PROBLEM TO WORK ON:
The required output is an exact restatement of the lines, starting with the one that contains "Khởi nguồn từ" and finishing with the last line of the listing. It contains no pictures.

STORED DATA:
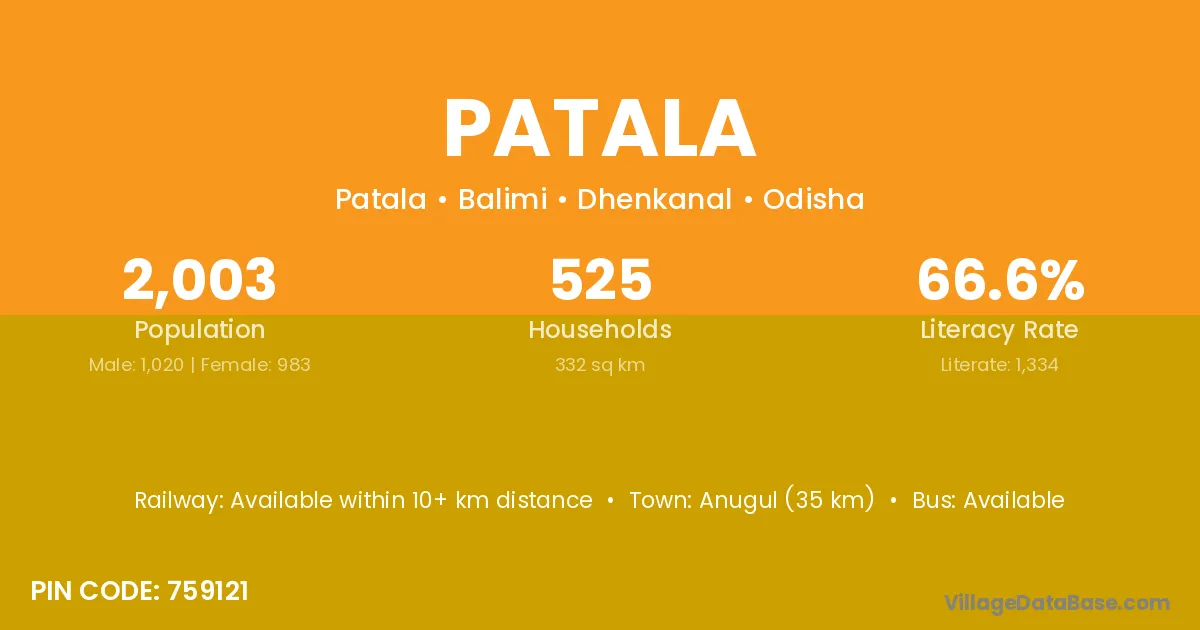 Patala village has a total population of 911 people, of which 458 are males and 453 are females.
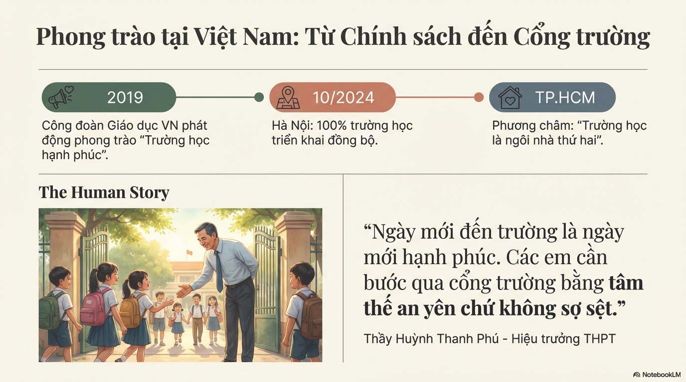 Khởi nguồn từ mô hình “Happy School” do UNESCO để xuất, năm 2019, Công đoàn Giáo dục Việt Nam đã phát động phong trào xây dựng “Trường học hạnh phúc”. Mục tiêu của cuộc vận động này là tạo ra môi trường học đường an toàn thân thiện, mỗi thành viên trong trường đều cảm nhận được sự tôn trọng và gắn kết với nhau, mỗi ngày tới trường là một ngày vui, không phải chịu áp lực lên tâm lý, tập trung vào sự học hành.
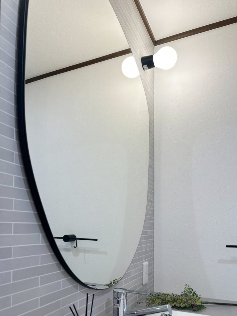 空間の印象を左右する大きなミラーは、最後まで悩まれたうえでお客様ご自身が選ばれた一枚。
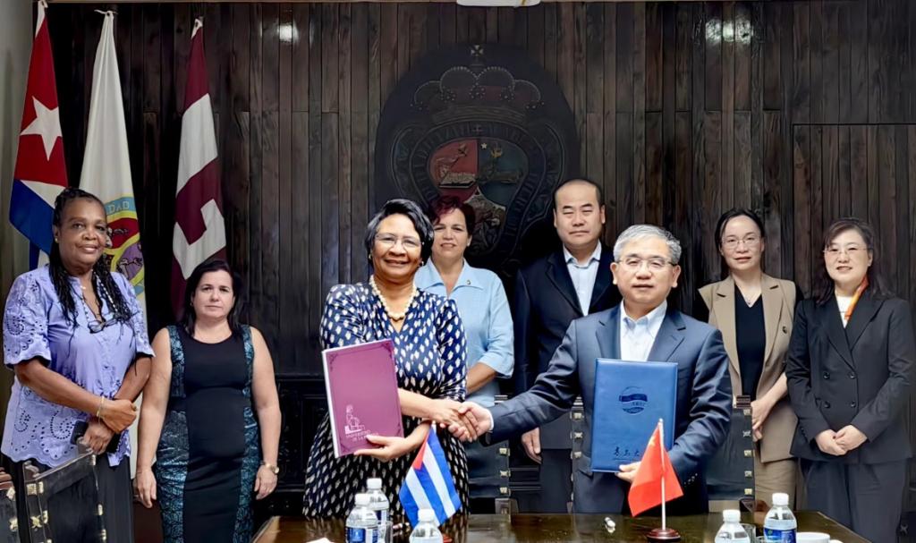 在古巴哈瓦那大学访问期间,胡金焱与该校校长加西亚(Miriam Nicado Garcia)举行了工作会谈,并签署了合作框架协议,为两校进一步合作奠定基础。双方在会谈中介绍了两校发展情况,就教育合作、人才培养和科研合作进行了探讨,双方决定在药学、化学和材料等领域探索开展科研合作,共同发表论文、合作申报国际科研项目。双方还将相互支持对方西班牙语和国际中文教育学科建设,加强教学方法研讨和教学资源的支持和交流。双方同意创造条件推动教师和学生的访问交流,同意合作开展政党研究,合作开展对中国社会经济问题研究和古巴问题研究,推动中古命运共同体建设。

TASK RESULT:
 Khởi nguồn từ mô hình “Happy School” do UNESCO để xuất, năm 2019, Công đoàn Giáo dục Việt Nam đã phát động phong trào xây dựng “Trường học hạnh phúc”. Mục tiêu của cuộc vận động này là tạo ra môi trường học đường an toàn thân thiện, mỗi thành viên trong trường đều cảm nhận được sự tôn trọng và gắn kết với nhau, mỗi ngày tới trường là một ngày vui, không phải chịu áp lực lên tâm lý, tập trung vào sự học hành.
 空間の印象を左右する大きなミラーは、最後まで悩まれたうえでお客様ご自身が選ばれた一枚。
 在古巴哈瓦那大学访问期间,胡金焱与该校校长加西亚(Miriam Nicado Garcia)举行了工作会谈,并签署了合作框架协议,为两校进一步合作奠定基础。双方在会谈中介绍了两校发展情况,就教育合作、人才培养和科研合作进行了探讨,双方决定在药学、化学和材料等领域探索开展科研合作,共同发表论文、合作申报国际科研项目。双方还将相互支持对方西班牙语和国际中文教育学科建设,加强教学方法研讨和教学资源的支持和交流。双方同意创造条件推动教师和学生的访问交流,同意合作开展政党研究,合作开展对中国社会经济问题研究和古巴问题研究,推动中古命运共同体建设。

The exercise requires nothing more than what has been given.